Aim of the exercise: Begin your copy at the line with "Carte de jeu" in the records below and end it at the line with "Blasphemer Stoned: The", restating each line word for word; omit the pictures.

Extracted data:
================================
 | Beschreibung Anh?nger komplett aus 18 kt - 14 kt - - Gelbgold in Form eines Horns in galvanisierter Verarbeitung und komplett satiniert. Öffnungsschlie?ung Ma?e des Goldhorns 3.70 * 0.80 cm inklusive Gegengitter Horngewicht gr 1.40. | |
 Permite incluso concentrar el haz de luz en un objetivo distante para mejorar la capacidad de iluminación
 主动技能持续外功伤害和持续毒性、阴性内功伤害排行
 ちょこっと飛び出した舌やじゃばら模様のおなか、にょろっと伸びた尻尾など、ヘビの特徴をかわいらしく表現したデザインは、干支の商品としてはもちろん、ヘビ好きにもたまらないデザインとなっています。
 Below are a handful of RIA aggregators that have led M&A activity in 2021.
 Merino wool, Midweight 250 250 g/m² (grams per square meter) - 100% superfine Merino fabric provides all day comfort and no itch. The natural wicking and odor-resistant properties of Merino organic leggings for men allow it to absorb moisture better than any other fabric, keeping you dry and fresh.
================================
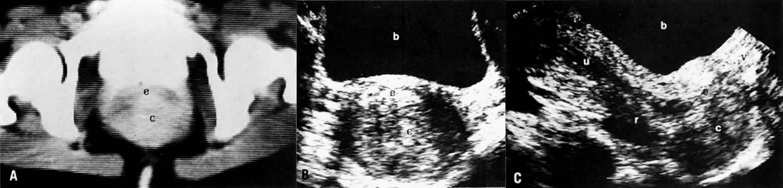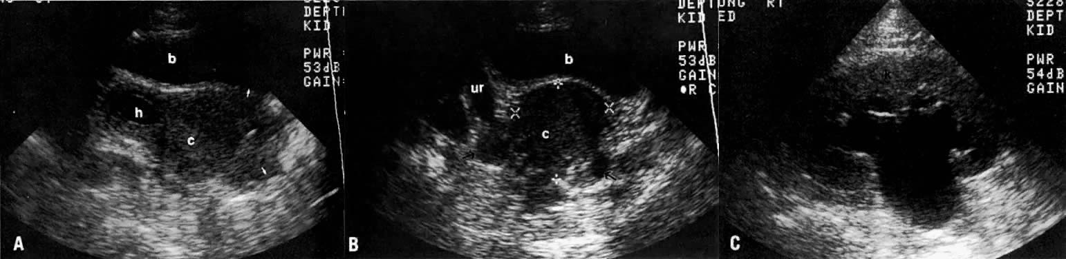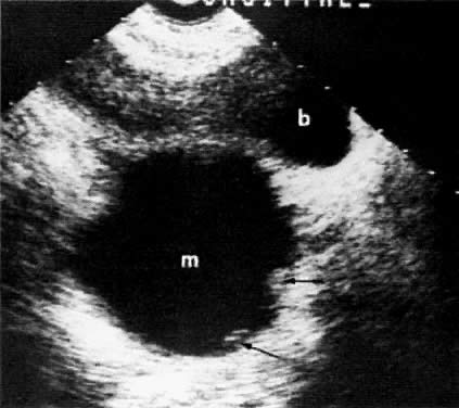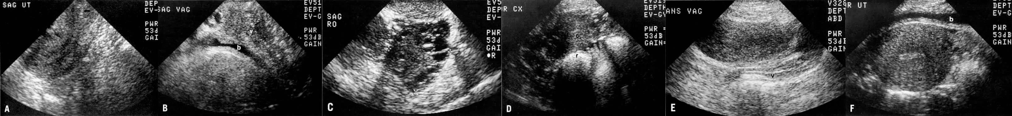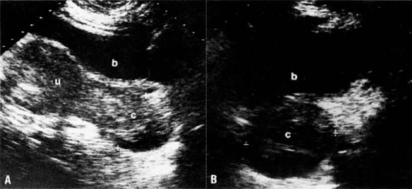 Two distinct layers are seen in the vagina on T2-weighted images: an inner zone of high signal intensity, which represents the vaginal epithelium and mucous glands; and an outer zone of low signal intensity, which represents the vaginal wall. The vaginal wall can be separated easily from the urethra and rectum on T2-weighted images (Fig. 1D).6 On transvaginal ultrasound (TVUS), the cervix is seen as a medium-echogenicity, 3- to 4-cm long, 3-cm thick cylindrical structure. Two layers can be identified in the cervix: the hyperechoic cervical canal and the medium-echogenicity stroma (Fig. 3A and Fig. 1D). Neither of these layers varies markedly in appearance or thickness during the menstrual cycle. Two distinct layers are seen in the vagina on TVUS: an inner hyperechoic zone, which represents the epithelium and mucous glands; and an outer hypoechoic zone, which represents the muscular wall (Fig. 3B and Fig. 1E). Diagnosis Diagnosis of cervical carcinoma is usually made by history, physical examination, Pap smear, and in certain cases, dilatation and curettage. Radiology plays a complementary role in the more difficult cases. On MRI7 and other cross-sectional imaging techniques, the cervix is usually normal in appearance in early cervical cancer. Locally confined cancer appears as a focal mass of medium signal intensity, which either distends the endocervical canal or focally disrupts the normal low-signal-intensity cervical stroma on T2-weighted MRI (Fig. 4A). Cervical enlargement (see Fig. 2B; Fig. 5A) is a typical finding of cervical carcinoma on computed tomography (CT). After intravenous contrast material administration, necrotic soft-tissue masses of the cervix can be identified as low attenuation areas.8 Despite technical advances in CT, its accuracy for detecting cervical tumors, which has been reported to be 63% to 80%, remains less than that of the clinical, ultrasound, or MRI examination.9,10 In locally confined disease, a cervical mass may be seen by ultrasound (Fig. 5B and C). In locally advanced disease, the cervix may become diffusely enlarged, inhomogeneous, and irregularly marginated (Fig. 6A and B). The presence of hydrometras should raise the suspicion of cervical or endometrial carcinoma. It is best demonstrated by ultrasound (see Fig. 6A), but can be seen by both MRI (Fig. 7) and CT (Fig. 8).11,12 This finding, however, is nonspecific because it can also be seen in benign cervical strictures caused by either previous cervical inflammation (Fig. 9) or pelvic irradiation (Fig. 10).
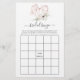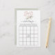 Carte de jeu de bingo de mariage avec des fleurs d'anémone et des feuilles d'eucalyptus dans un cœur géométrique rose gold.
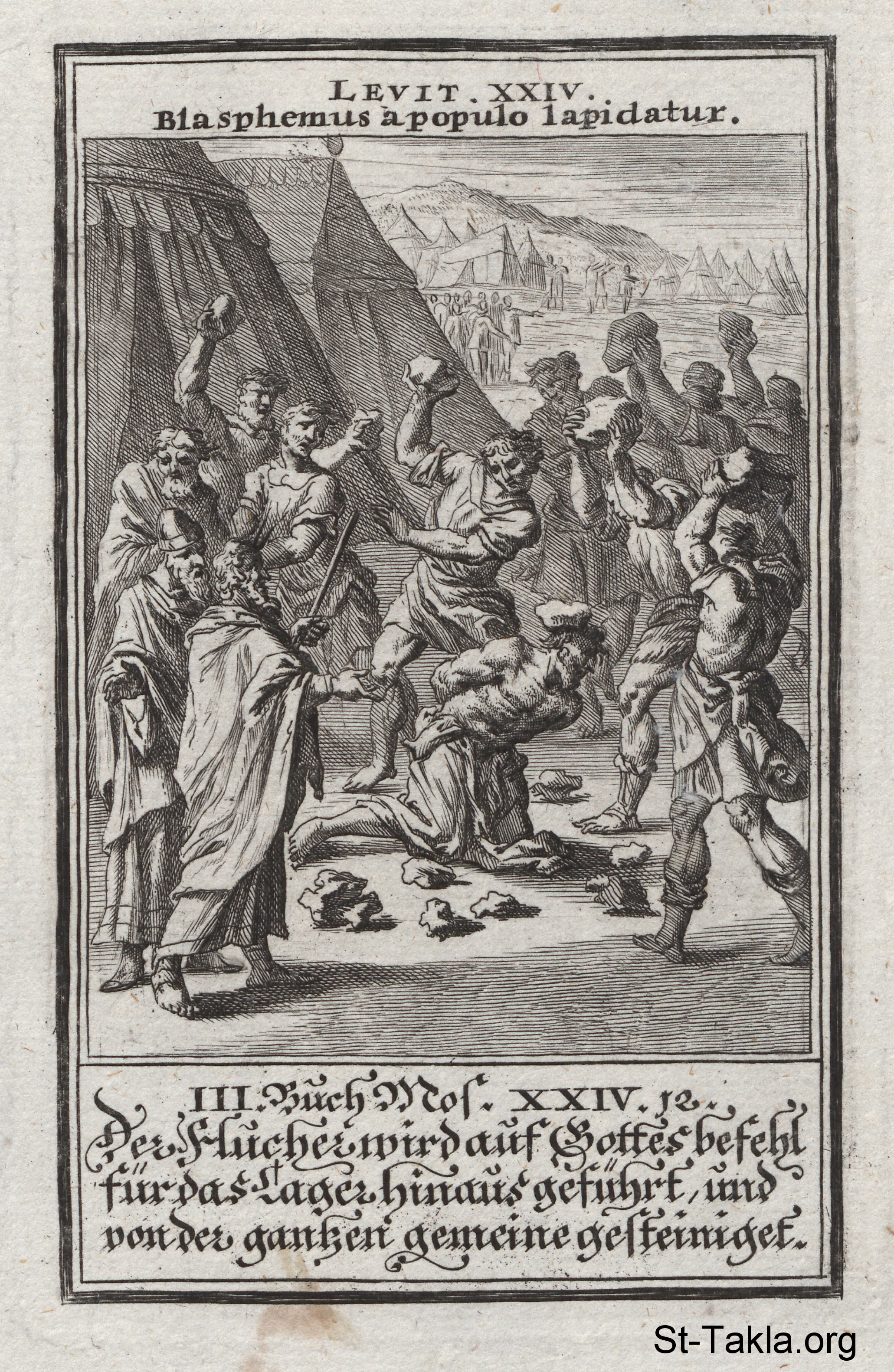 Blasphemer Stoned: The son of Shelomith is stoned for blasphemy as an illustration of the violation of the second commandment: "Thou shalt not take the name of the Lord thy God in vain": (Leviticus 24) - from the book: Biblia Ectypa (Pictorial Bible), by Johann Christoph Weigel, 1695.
================================
Task answer:
 Carte de jeu de bingo de mariage avec des fleurs d'anémone et des feuilles d'eucalyptus dans un cœur géométrique rose gold.
 Blasphemer Stoned: The son of Shelomith is stoned for blasphemy as an illustration of the violation of the second commandment: "Thou shalt not take the name of the Lord thy God in vain": (Leviticus 24) - from the book: Biblia Ectypa (Pictorial Bible), by Johann Christoph Weigel, 1695.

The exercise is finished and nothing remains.